--- START ---
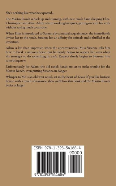 She's nothing like what he expected… The Martin Ranch is back up and running, with new ranch hands helping Eliza, Christopher and Alice. Adam is hard working but quiet, getting on with his work without saying much to anyone. When Eliza is introduced to Susanna by a mutual acquaintance, she immediately invites her to the ranch. Susanna has an affinity for animals and is thrilled at the invitation. Adam is less than impressed when the unconventional Miss Susanna tells him how to break a nervous horse, but he slowly begins to respect her ways when she manages to do something he can't. Respect slowly begins to blossom into something new. Unfortunately for Adam, the old ranch hands are set to make trouble for the Martin Ranch, even putting Susanna in danger. Whisper to Me is an old west novel, set in the heart of Texas. If you like historic fiction with a touch of romance, then you'll love this book and the Martin Ranch Series at large!
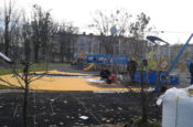 Został już także wylany beton i przygotowane podłoże dla rolkarzy, deskorolkowców i miłośników podobnych zabawek. W pierwszej chwili wygląda jak… lód. Taki gładki. Mam nadzieję, że będzie dobrze się jeździć. Aż mnie kusiło, żeby sprawdzić, ale nawierzchnia jest zbyt świeża i… trzeba poczekać.
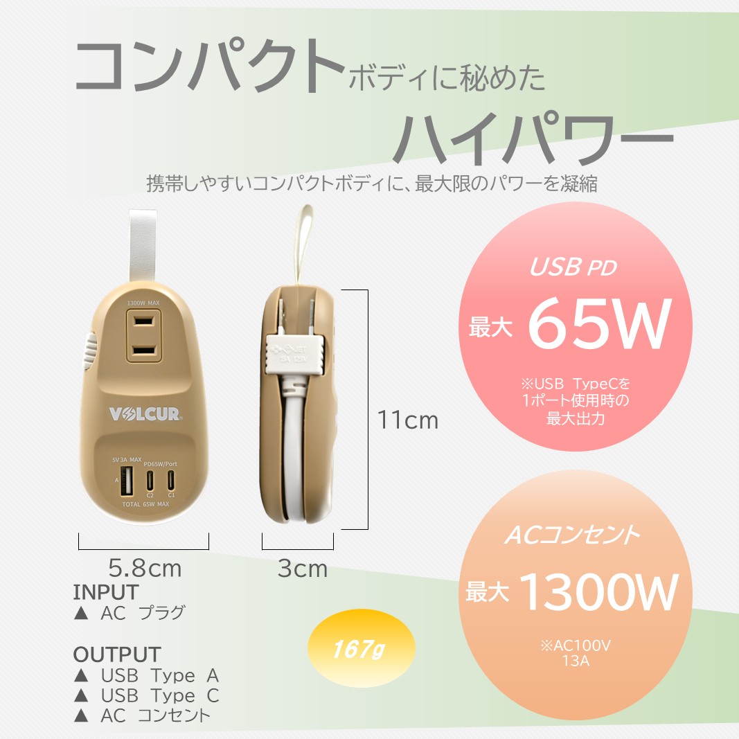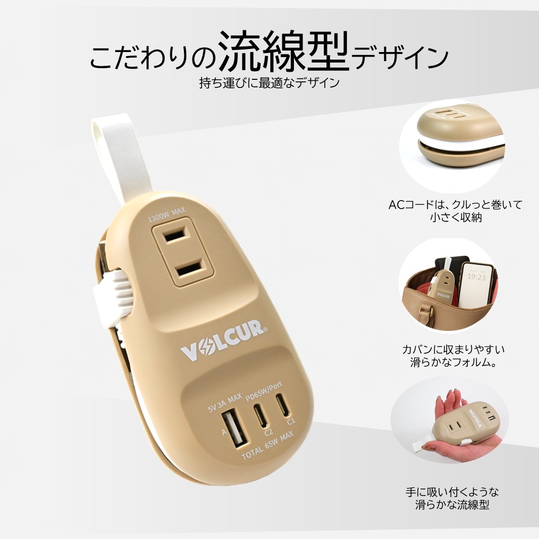流線型のエレガントなフォルムが特徴のモバイルタップ。見た目とは裏腹に、USB PD65Wの急速充電機能とACコンセントを搭載したパワフル機能を備えています。放熱性に優れ、安全にご利用いただけます。旅行や出張にも最適で、持ち運びやすさが抜群です。搭載されているACコンセントにより、充電器の増設やAC出力が必要な際にも大変便利です。
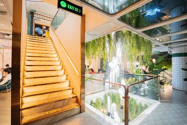 暖黄色的灯光倾泻在墙面、桌椅、楼道上,既营造了一种温馨的感觉,也给食物增添了几分可爱。
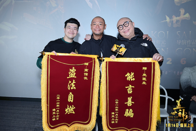 观众们不仅对影片的无厘头笑点表示高度认可,更对主创团队的真诚与投入赞不绝口。监制林敏骢“傻得真诚”的创作理念、罗家英“想打导演却演得过瘾”的幕后趣事、钟骏儿的转型突破、以及金刚与BOB现场获赠搞笑锦旗等高能场面,都成为观众津津乐道的路演亮点,营造了极强的仪式感和欢乐共鸣,路演现场的笑声与好评不断,被众多网友标记为“2026年开年必看的第一部欢乐大片”。
--- END ---
Leaving out the pictures, repeat all of the entries exactly.

→ **Finished exercise**
 She's nothing like what he expected… The Martin Ranch is back up and running, with new ranch hands helping Eliza, Christopher and Alice. Adam is hard working but quiet, getting on with his work without saying much to anyone. When Eliza is introduced to Susanna by a mutual acquaintance, she immediately invites her to the ranch. Susanna has an affinity for animals and is thrilled at the invitation. Adam is less than impressed when the unconventional Miss Susanna tells him how to break a nervous horse, but he slowly begins to respect her ways when she manages to do something he can't. Respect slowly begins to blossom into something new. Unfortunately for Adam, the old ranch hands are set to make trouble for the Martin Ranch, even putting Susanna in danger. Whisper to Me is an old west novel, set in the heart of Texas. If you like historic fiction with a touch of romance, then you'll love this book and the Martin Ranch Series at large!
 Został już także wylany beton i przygotowane podłoże dla rolkarzy, deskorolkowców i miłośników podobnych zabawek. W pierwszej chwili wygląda jak… lód. Taki gładki. Mam nadzieję, że będzie dobrze się jeździć. Aż mnie kusiło, żeby sprawdzić, ale nawierzchnia jest zbyt świeża i… trzeba poczekać.
流線型のエレガントなフォルムが特徴のモバイルタップ。見た目とは裏腹に、USB PD65Wの急速充電機能とACコンセントを搭載したパワフル機能を備えています。放熱性に優れ、安全にご利用いただけます。旅行や出張にも最適で、持ち運びやすさが抜群です。搭載されているACコンセントにより、充電器の増設やAC出力が必要な際にも大変便利です。
 暖黄色的灯光倾泻在墙面、桌椅、楼道上,既营造了一种温馨的感觉,也给食物增添了几分可爱。
 观众们不仅对影片的无厘头笑点表示高度认可,更对主创团队的真诚与投入赞不绝口。监制林敏骢“傻得真诚”的创作理念、罗家英“想打导演却演得过瘾”的幕后趣事、钟骏儿的转型突破、以及金刚与BOB现场获赠搞笑锦旗等高能场面,都成为观众津津乐道的路演亮点,营造了极强的仪式感和欢乐共鸣,路演现场的笑声与好评不断,被众多网友标记为“2026年开年必看的第一部欢乐大片”。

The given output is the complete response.